The Guidelines state some examples of pricing conduct that have exclusionary effects (eg, predatory pricing, price/margin squeeze, rebate systems, price discrimination, excessive pricing). There are also exploitative and discriminatory pricing conducts that raise antitrust risks.

Accordingly, the Board may interpret excessive prices as abusive. Excessive pricing is a company setting prices significantly above the competitive level by exploiting market power, thereby transferring welfare of consumers to itself. Turkish case law, in this context, defines excessive pricing as an abuse of dominant position and the Board has various precedents considering excessive pricing as an antitrust infringement.

The Board applies a twofold economic value test to determine the existence of excessive pricing. At the first stage, the test requires comparison of cost and set price, thus it measures profit margin; then, the set price is compared with itself in different conditions or the price of competing product or services. However, the Board mostly utilises comparison of set prices with price of competing product or services (second stage of the test), especially when it is not possible to measure the profit margin (eg, Viessmann, 15 May 2017, 17-16/223-93; and Congresium, 27 October 2016, 16-35/604-269).

Even though its profit margin was negative, the Board imposed a fine against Belko, since its price differences with its equivalent services were 50-60 per cent (Belko, 6 April 2001, 01-17/150-39). The Board does not have a constant threshold of reasonableness for profit margin or price difference to impose a fine owing to excessive pricing. It did not find excessive pricing, when Biletix’ profit margin was between 11 and 18 per cent (Biletix, 1 March 2007, 07-18/164-54) or MTS’ price difference was between 25 and 30 per cent with a substitute product (MTS, 26 May 2006, 06-36/462-124). However, it found that Tüpraş set excessive prices when its prices were 15 per cent different from the price of competitors in Italy and 30 per cent different from its own export prices (Tüpraş, 17 January 2014, 14-03/60-24). Hence, one can argue that the Board takes the three bullet points articulated above into consideration along with the economic value test while determining the infringement.

Sector-specific issues

To what extent can the specific features of the pharmaceutical sector provide an objective justification for conduct that would otherwise infringe antitrust rules?

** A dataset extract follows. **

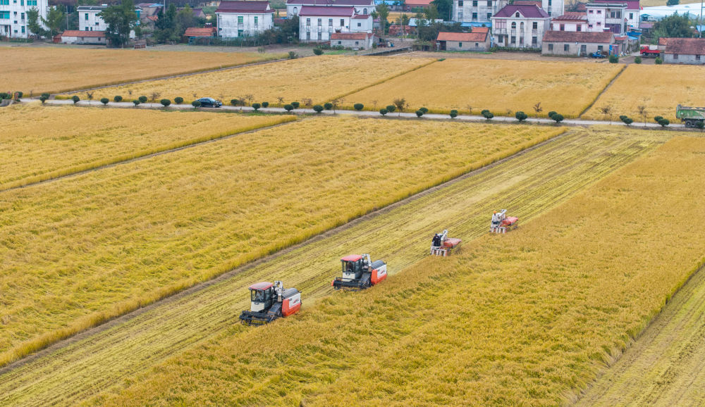 10月30日,在江苏省南通市通州区十总镇育民村高标准农田里,村民驾驶农机收割水稻(无人机照片)。 新华社发(翟慧勇摄)

Sector-specific features of the pharma industry may provide good objective justifications for conduct that can otherwise be viewed as anticompetitive. For instance, price control regulations and statutory market monitoring mechanisms justify suppliers’ attempts to track the products, which might otherwise raise competition law concerns in some other industries (eg, 3M, 13 March 2007, 07-22/207-66). Similarly, the obligation on manufacturers and wholesalers to keep adequate supply of medicines at all times may justify sales and export restrictions (Pfizer/Dilek Ecza, 2 August 2007, 07-63/774-281). Similarly, designating distributors to attend public tenders on an exclusive capacity has also been found to serve the public good by keeping hospital inventories stocked (eg, Roche, 16 November 2016, 16-39/642-288; Roche, 13 October 2016, 16-33/569-247; and Daiichi, 8 September 2016, 16-30/504-225).